§ **Work required**
Your reply should consist only of the lines from the one holding "123FormBuilder integrates with" to the last line of the data below, written out exactly and without pictures.

━━━

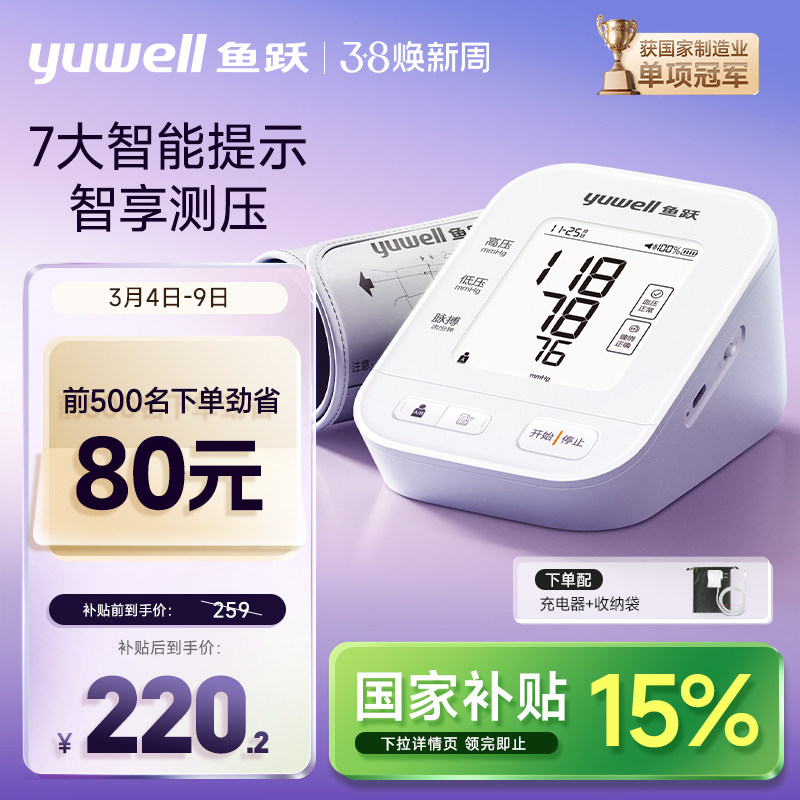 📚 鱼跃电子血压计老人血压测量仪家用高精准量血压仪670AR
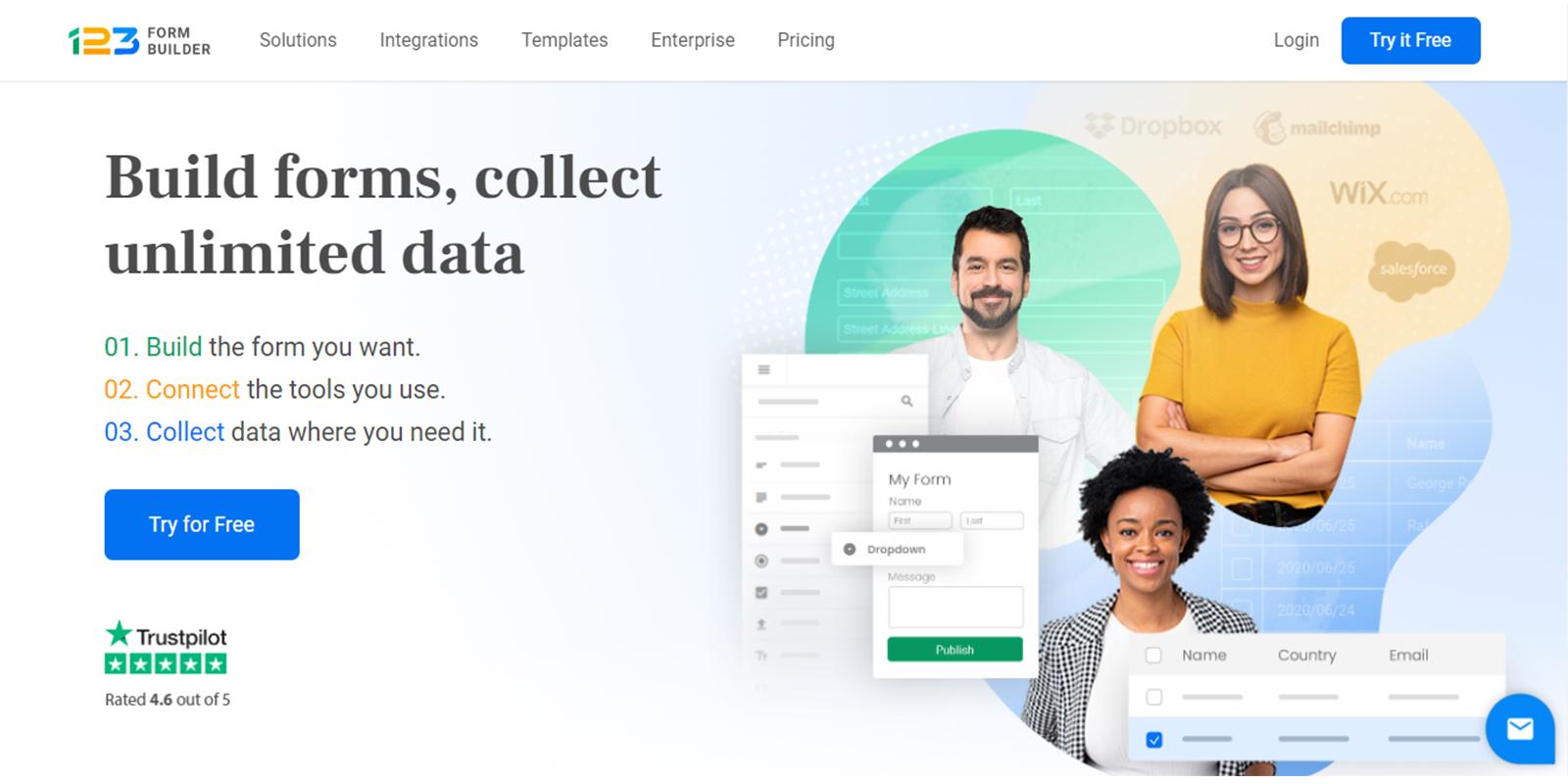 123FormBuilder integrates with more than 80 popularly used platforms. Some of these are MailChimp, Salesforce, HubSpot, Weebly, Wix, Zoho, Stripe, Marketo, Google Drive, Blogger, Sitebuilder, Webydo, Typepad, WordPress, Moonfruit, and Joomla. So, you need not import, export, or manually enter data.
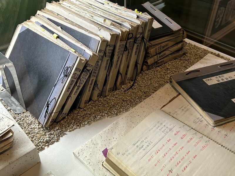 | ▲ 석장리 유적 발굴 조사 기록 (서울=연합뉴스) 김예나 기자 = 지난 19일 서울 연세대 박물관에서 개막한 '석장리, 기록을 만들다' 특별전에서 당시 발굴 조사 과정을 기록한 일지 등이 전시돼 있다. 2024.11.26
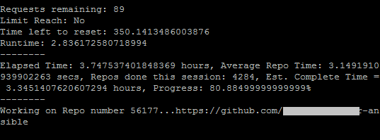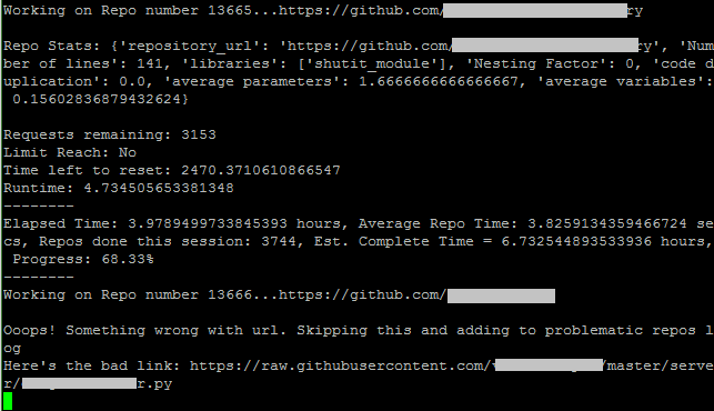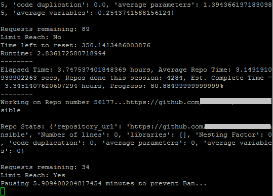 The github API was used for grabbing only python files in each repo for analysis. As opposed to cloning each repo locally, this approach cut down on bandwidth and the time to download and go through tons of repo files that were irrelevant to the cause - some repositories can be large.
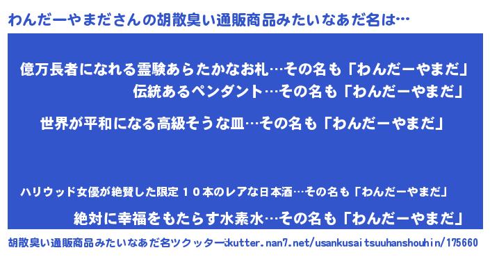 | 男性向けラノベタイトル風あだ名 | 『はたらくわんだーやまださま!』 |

━━━

§ **Response below**
 123FormBuilder integrates with more than 80 popularly used platforms. Some of these are MailChimp, Salesforce, HubSpot, Weebly, Wix, Zoho, Stripe, Marketo, Google Drive, Blogger, Sitebuilder, Webydo, Typepad, WordPress, Moonfruit, and Joomla. So, you need not import, export, or manually enter data.
 | ▲ 석장리 유적 발굴 조사 기록 (서울=연합뉴스) 김예나 기자 = 지난 19일 서울 연세대 박물관에서 개막한 '석장리, 기록을 만들다' 특별전에서 당시 발굴 조사 과정을 기록한 일지 등이 전시돼 있다. 2024.11.26
 The github API was used for grabbing only python files in each repo for analysis. As opposed to cloning each repo locally, this approach cut down on bandwidth and the time to download and go through tons of repo files that were irrelevant to the cause - some repositories can be large.
 | 男性向けラノベタイトル風あだ名 | 『はたらくわんだーやまださま!』 |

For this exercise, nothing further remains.